The method comprises the steps of carrying out grading and color separation detection on the ceramic tiles based on a convolutional neural network model, and carrying out grade type division on the ceramic tile quality; the human resources can be saved and the detection efficiency can be improved; the operation speed is high, and the response requirement of a high-speed production line can be met; the classification accuracy is high, and errors in manual classification can be avoided.
Preprocessing the tile image is beneficial to eliminating or reducing noise, improving contrast, smoothing or sharpening the image, and the like. The initial gray level image obtained by performing gray level conversion on the tile image has the advantages of small memory occupation, high operation speed, more convenient processing and the like. The median filtering is to sort the pixel values in the range and replace the pixel values of the noise points with the median values, which has good effect on removing the noise. The histogram equalization is utilized to perform equalization processing on the image, so that the image contrast is improved, the gray distribution is more uniform, the contrast between the defect outline and the background is clearer, and the contrast between the pattern and the background is larger.

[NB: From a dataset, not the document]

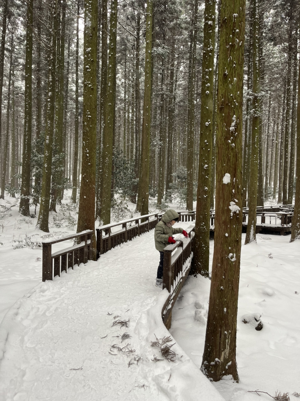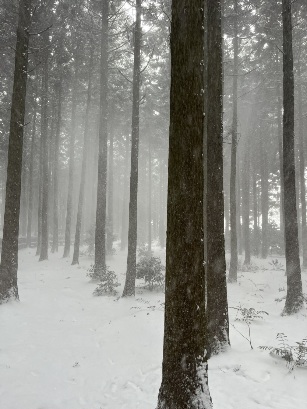 눈 덮인 삼나무들이 빼곡한 숲 안은

Preferably, in the preprocessing of the tile image, the histogram equalization processing refers to:
setting the filtering gray level image to 0-255 original gray levels;
calculating the histogram distribution probability P (i) of the original gray level i:
wherein N is the total number of pixels of the filtered gray image, NiThe total number of pixels of the original gray level i in the filtered gray image;
calculating histogram probability accumulated value S (i) of original gray level i:
calculating an equalized gray level SS (i) in an equalized image corresponding to the original gray level i:
SS(i)=int{[max(pix)-min(pix)]*S(i)+0.5};
wherein pix refers to the gray value in the filtered gray image;
and mapping the equalized gray levels SS (i) to the equalized images one by one according to the corresponding relation between the equalized gray levels SS (i) and the gray levels of the gray images and the equalized images found in the previous step of the original gray level i, and finishing the pixel mapping of the equalized images.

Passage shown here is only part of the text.